Here’s your copy of NAFA’s suit against the DOL

The National Association of Fixed Annuities' suit asks the federal court in the District of Columbia to vacate the DOL’s new fiduciary or conflict-of-interest rule, which could make it harder for insurance agents to sell indexed annuities to IRA owners.

The National Association of Fixed Annuities, which represents primarily manufacturers and distributors of fixed indexed annuities, filed a complaint against the Department of Labor in U.S. District Court, District of Columbia, on June 2, only hours after a similar suit was filed in federal court in Dallas, Texas, by financial services trade groups, the U.S. Chamber of Commerce and the Insured Retirement Institute.

With more than $15 billion in sales in the first quarter of 2016, indexed annuities are the strongest-selling product category in the annuity industry. The new rule threatens to regulate the sale of indexed annuities to IRA owners, who represent a multi-trillion-dollar potential market for FIAs, more tightly.  

Like the IRI suit, the NAFA suit asks the court to vacate the DOL’s new fiduciary or conflict-of-interest rule, which extends the type of regulation that governs 401(k) plans to IRAs for the first time, thus turning the sale of commissioned products, such as annuities, to IRA owners into transactions that are prohibited except by special exemption.

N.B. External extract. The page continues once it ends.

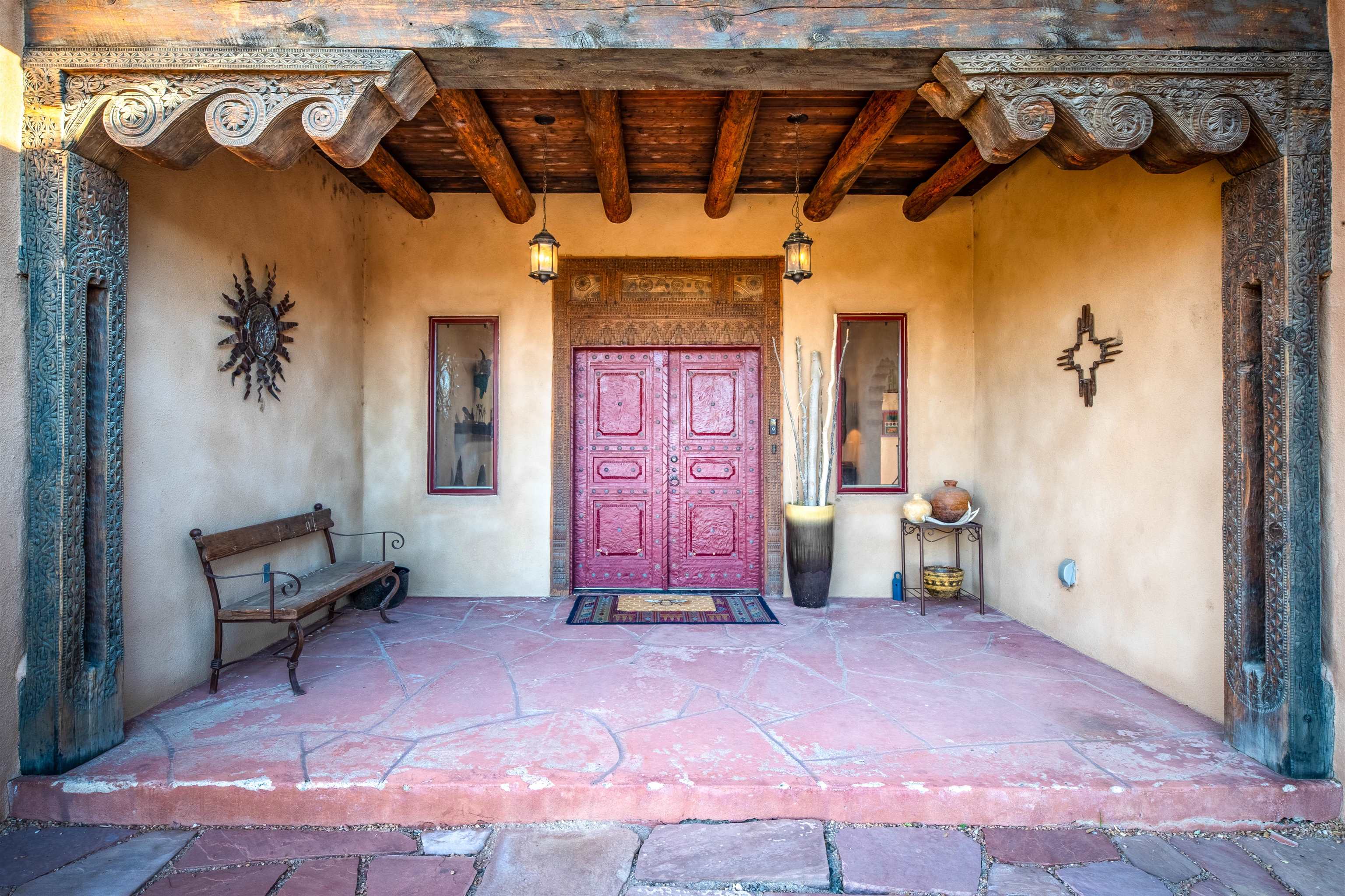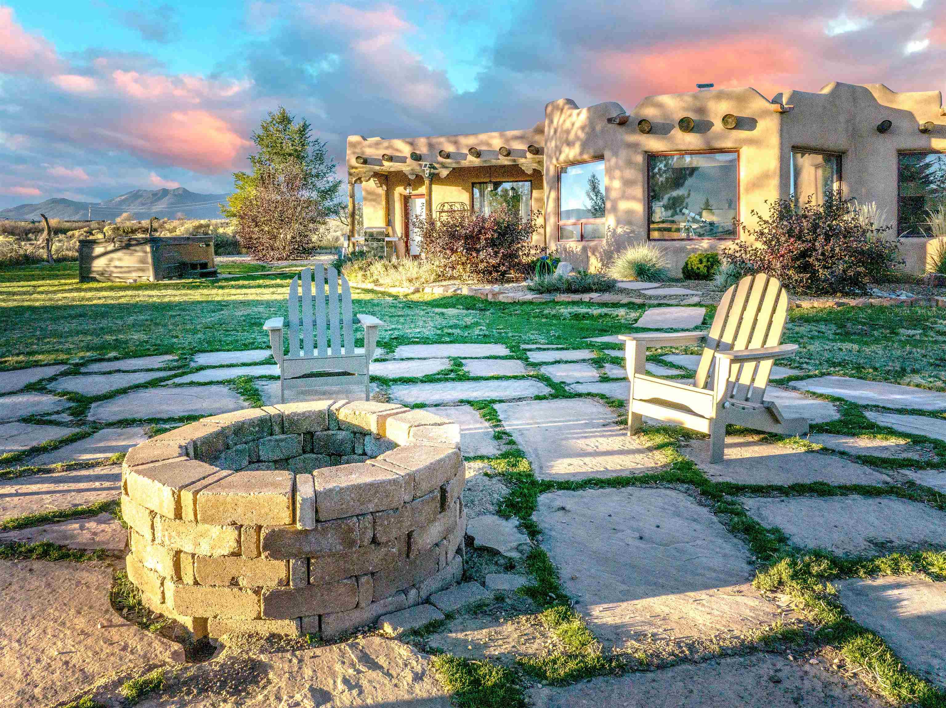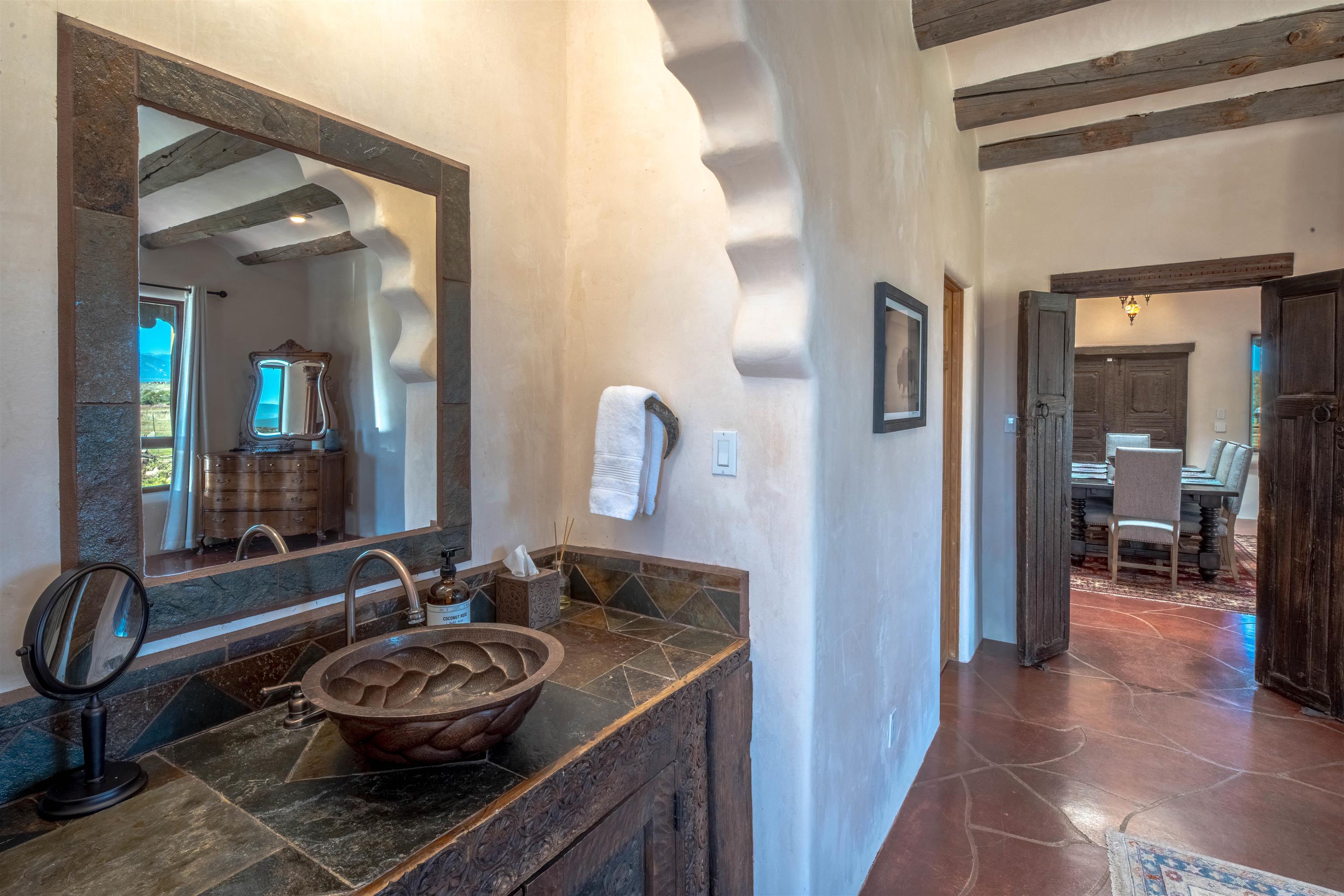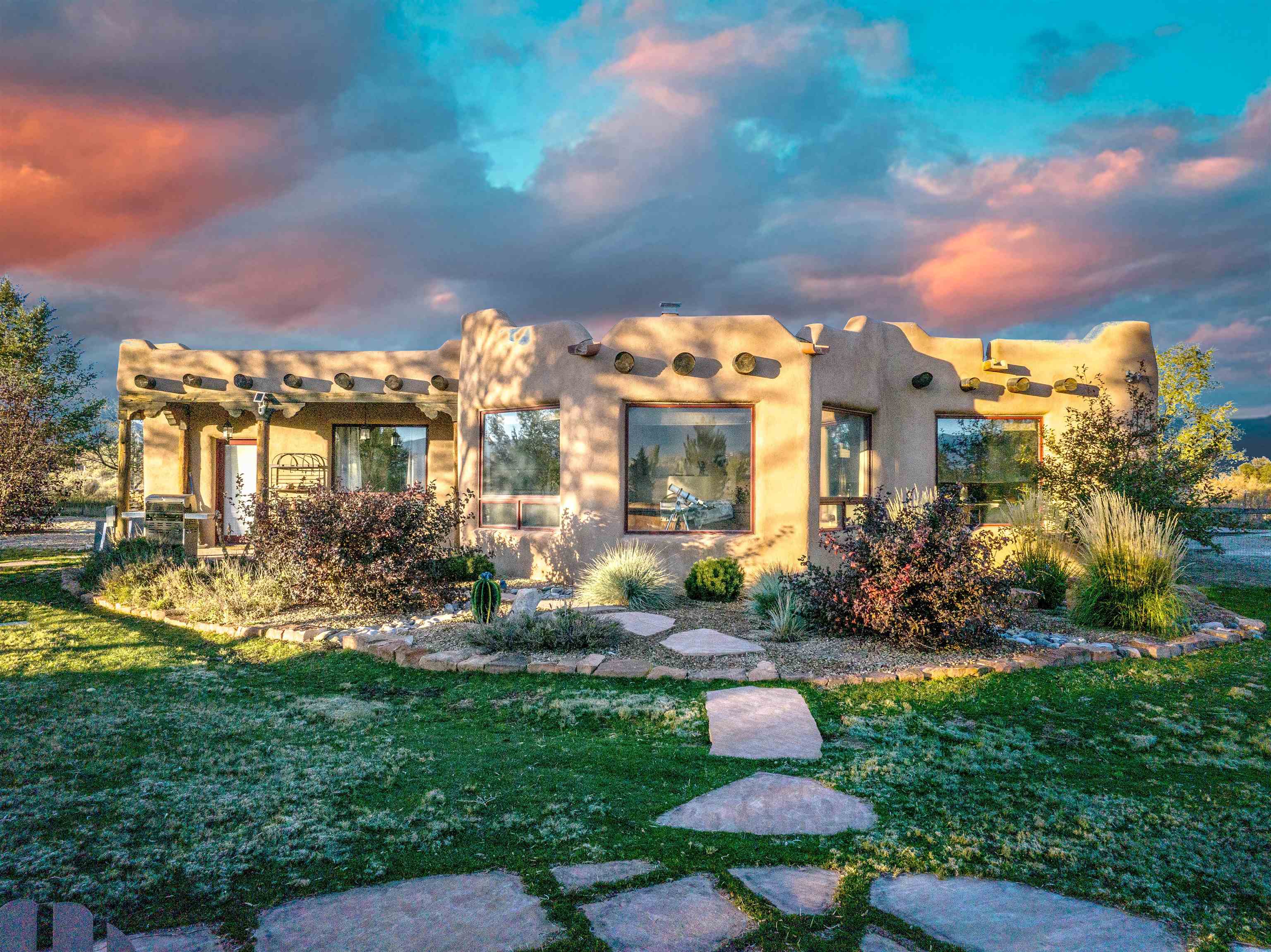 PRICE IMPROVEMENT! Welcome to Casa Vogue - timeless elegance and sophistication abound with this home designed by Nona Wesley, owner of Maya Designs Inc. of Taos, and built by Felipe Rodriguez, owner of 90 Degree Corners. This stunning three-bedroom, three-bathroom home with an additional office/study is being sold fully furnished with the absolute finest in elegance and comfort. You immediately enter through the hand carved double doors into an exquisite dining room with a stunning fireplace dividing the living room and dining room. There are very large picture windows with breathtaking views of Taos Mountain from the kitchen and living room areas, and admirable details in every room of the home. This home is perfect for entertaining with the open concept design, and with mountain views for starry nights, sunsets and ultimate privacy. This adobe constructed Pueblo-style home cannot be fabricated in today’s environment, and the artistic details throughout each of the rooms are unmatched. If that is not enough, there are also water rights from the acequia running along the property. Only ten minutes to the Town of Taos, one still feels like you are miles away from the hustle and bustle. This is a true treasure, and it is definitely one not to miss. Check out the exterior drone video, and the interior and exterior video tours on the listing and then schedule your private showing today. You definitely will not regret it.

Unlike the IRI suit, the NAFA suit asks the court for an injunction to halt the implementation of the DOL rule. Among other things, the complaint claims that the DOL changed the rules for selling indexed annuities without warning and without offering the indexed annuity industry a chance to respond, that the DOL didn’t consider the economic impact of its new rule on that industry, and that the DOL failed to adequately define the meaning of “reasonable compensation.”

In drafting the final version of its new rule, the DOL unexpectedly changed the rule under which indexed annuities can be sold to IRA owners from the “Prohibited Transaction Exemption 84-24” to the new “Best Interest Contract Exemption,” or BICE. The BICE requires those sales to be made solely in the clients’ interest, “without regard to” the seller’s compensation, and carries a greater burden of legal accountability for not doing so.